··· PROVIDED RECORDS ···

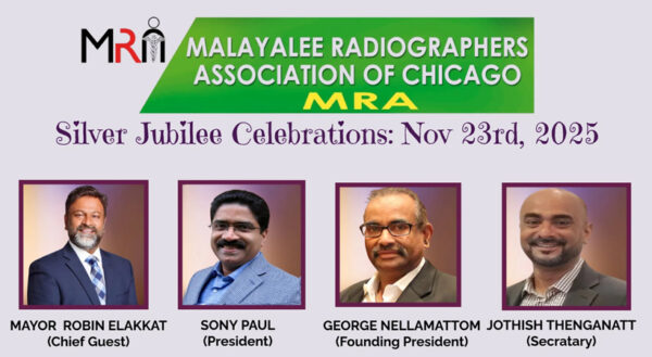 ByStaff ReporterNovember 14, 2025ചിക്കാഗോ: അമേരിക്കൻ മലയാളി റേഡിയോളജി പ്രൊഫഷണലുകളുടെ അഭിമാന സംഘടനയായ മലയാളി റേഡിയോഗ്രാഫേഴ്സ് അസോസിയേഷന്റെ (MRA) രജതജൂബിലി ആഘോഷം (25th Anniversary)2025 നവംബർ 23ന് വൈകുന്നേരം അഞ്ച് മണിയ്ക്ക് നോർത്ത് ബ്രൂക്കിലെ സെഞ്ചുറിയൻ...
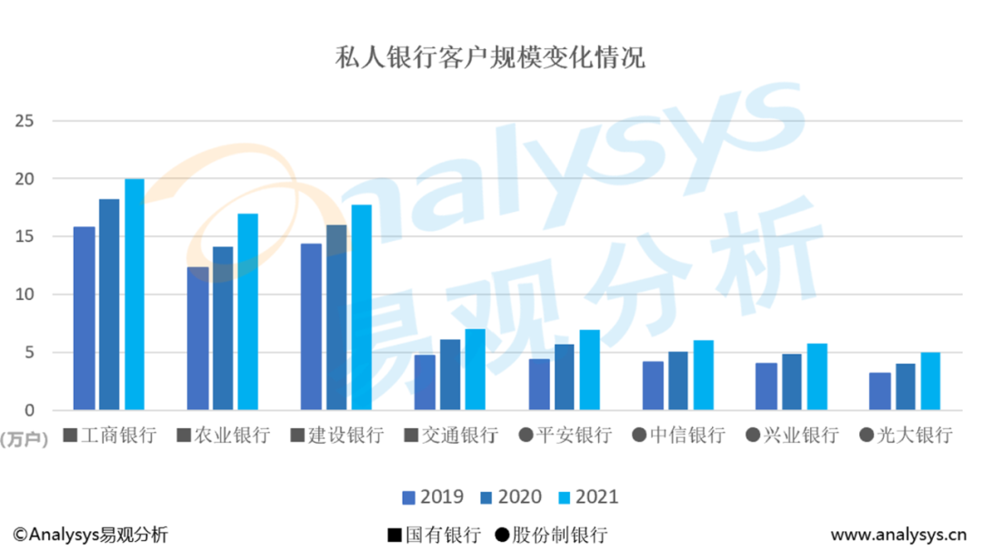近年來,銀行紛紛把零售作為轉(zhuǎn)型戰(zhàn)略重點(diǎn),加快了零售財(cái)富管理業(yè)務(wù)的發(fā)展。而國有銀行在零售財(cái)富客戶規(guī)模上有較強(qiáng)的優(yōu)勢。股份制銀行中,光大、平安和廣發(fā)也在2021年突破了100萬戶。
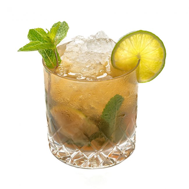 Mojito Cubano: Ron, Lima, Azúcar de Caña, Soda.
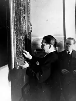 Hofer began to work for Hermann Göring in 1937 and became Göring's principal art agent and later director of the Göring Collection.[5] Hofer was not a member of the Nazi Party.[3] Hofer worked for Göring on a freelance basis, always maintaining his personal art dealing business and it was agreed between them that Hofer could keep any works he found for Göring that Göring refused.[6] With Göring's money and backing, Hofer could access collections anywhere in Germany.[7] He travelled on Göring's special art trains and could get essential foreign currency (Devisen) for his purchases which was in short supply for ordinary Germans. Where he didn't need foreign currency, as in the Netherlands where the German and Dutch currencies became directly convertible in April 1941, he was even more active in his acquisitions, sometimes competing with agents from other parts of the German government.[8] Göring said that the price of a work of art was never a problem and he often paid above market price (where he did not confiscate items outright) though he was often slow to pay the bill.[6] Hofer claimed that on one occasion in Paris, he beat an agent acting for Adolf Hitler to a Rembrandt by one day.[9]
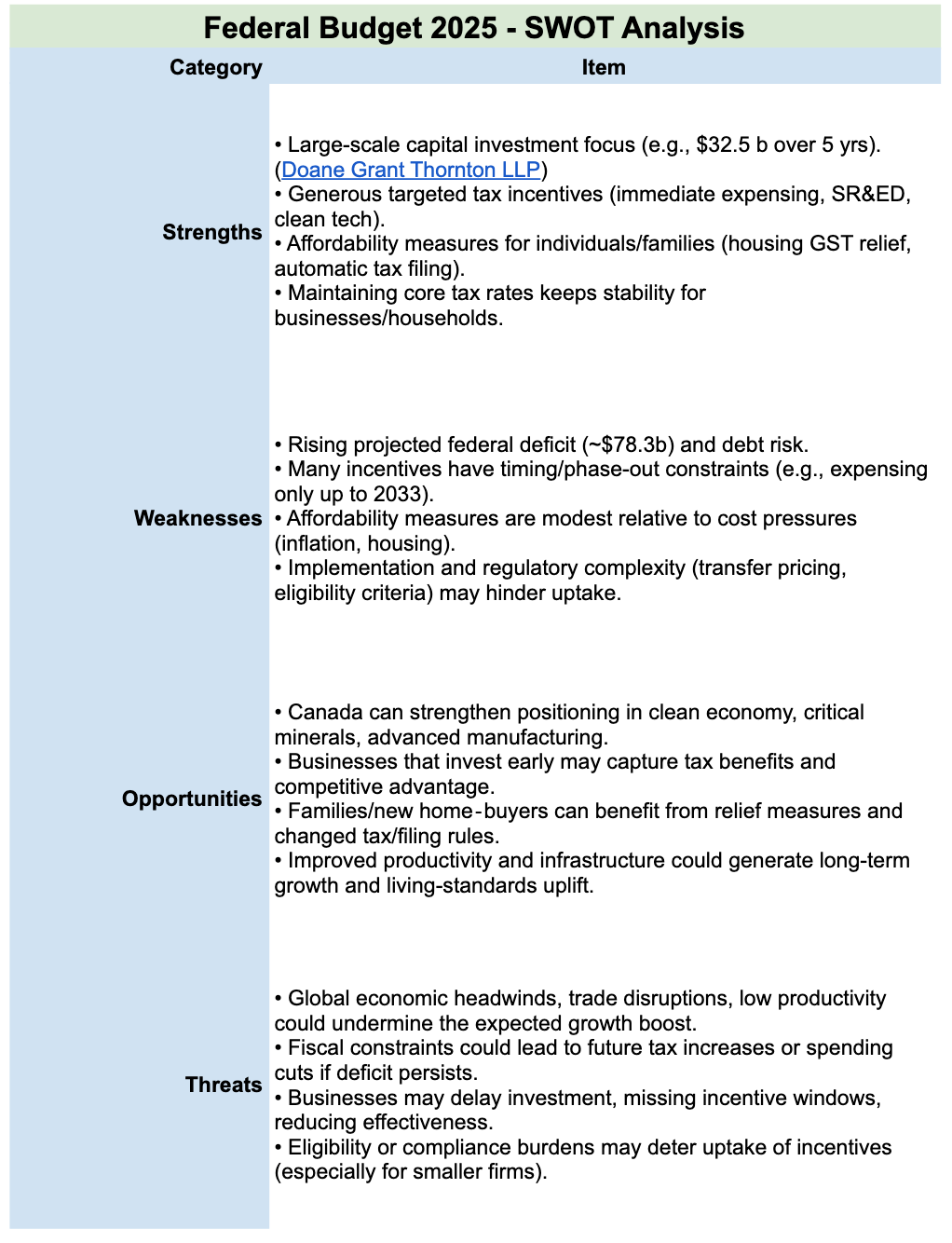 - SR&ED Program Boost: The R&D credit limit jumps from $4.5 million to $6 million, and the program promises faster audits and AI-assisted reviews.
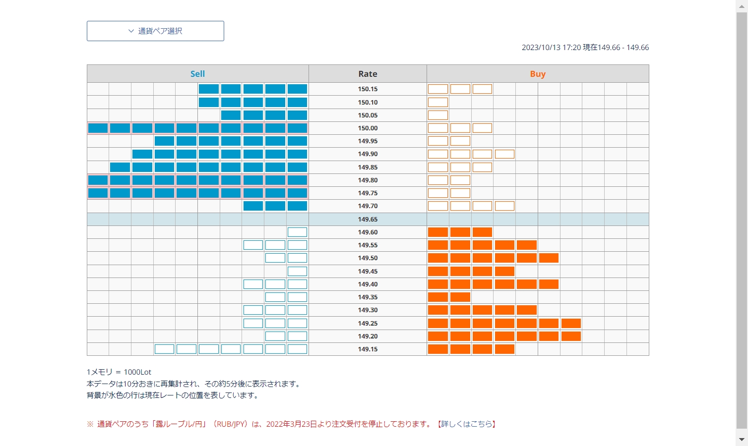 上記例だと149.75に売りの注文が多いことが分かります。そして実際に10月13日の相場で149.75に到達した際に反発して売りが多くでました。
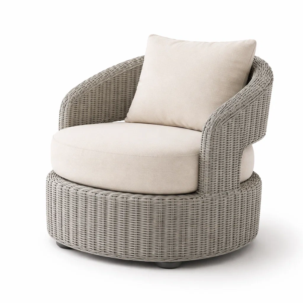 The neutral light grey tone blends easily with contemporary outdoor furniture collections.
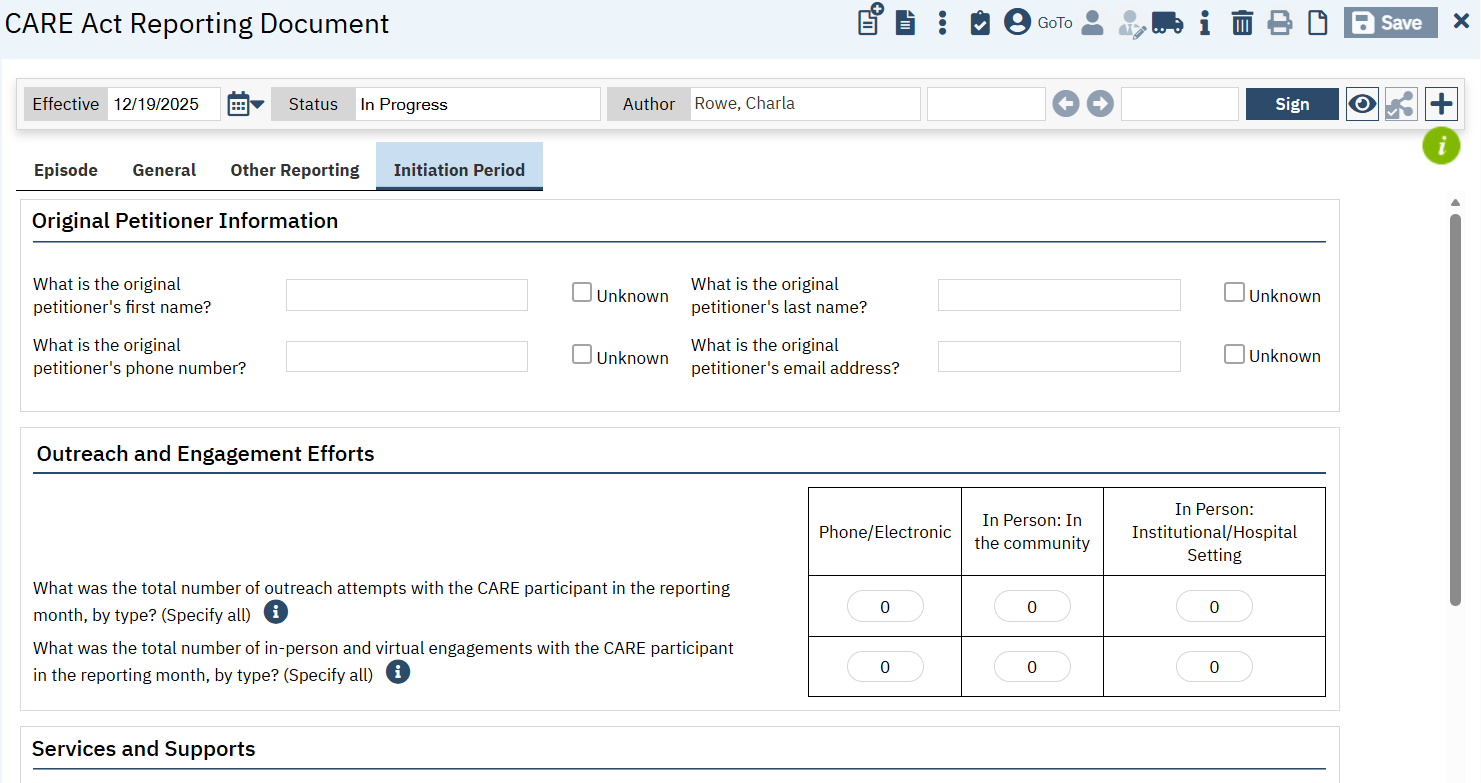 This tab is only visible when the CARE Phase is Initiation Period. This has information about the petitioner, outreach and engagement efforts, and services and supports provided during the initiation period.
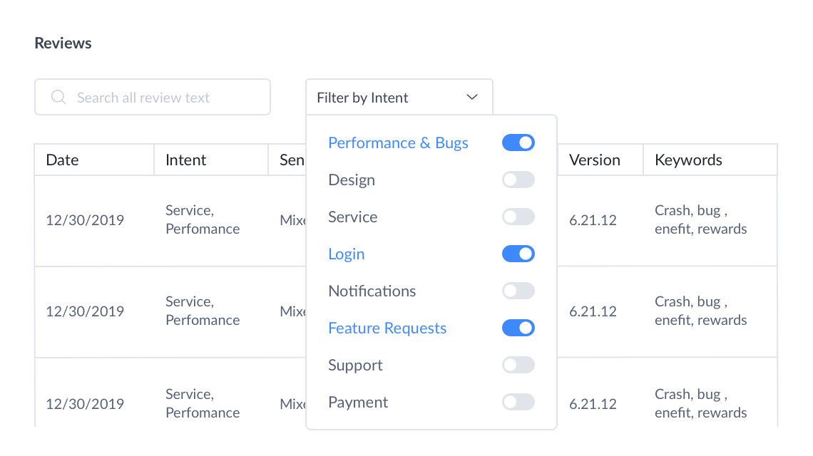 Don’t let a “good” star rating fool you, the devil is in the details (text). Use Intent to filter down reviews to find actionable insights on issues which could be affecting user retention in your apps or your competitors apps.

···

WORK ORDER: Return exactly the lines running from the line with "The neutral light" through the final line of the listing. Leave the pictures out.

SOLUTION:
 The neutral light grey tone blends easily with contemporary outdoor furniture collections.
 This tab is only visible when the CARE Phase is Initiation Period. This has information about the petitioner, outreach and engagement efforts, and services and supports provided during the initiation period.
 Don’t let a “good” star rating fool you, the devil is in the details (text). Use Intent to filter down reviews to find actionable insights on issues which could be affecting user retention in your apps or your competitors apps.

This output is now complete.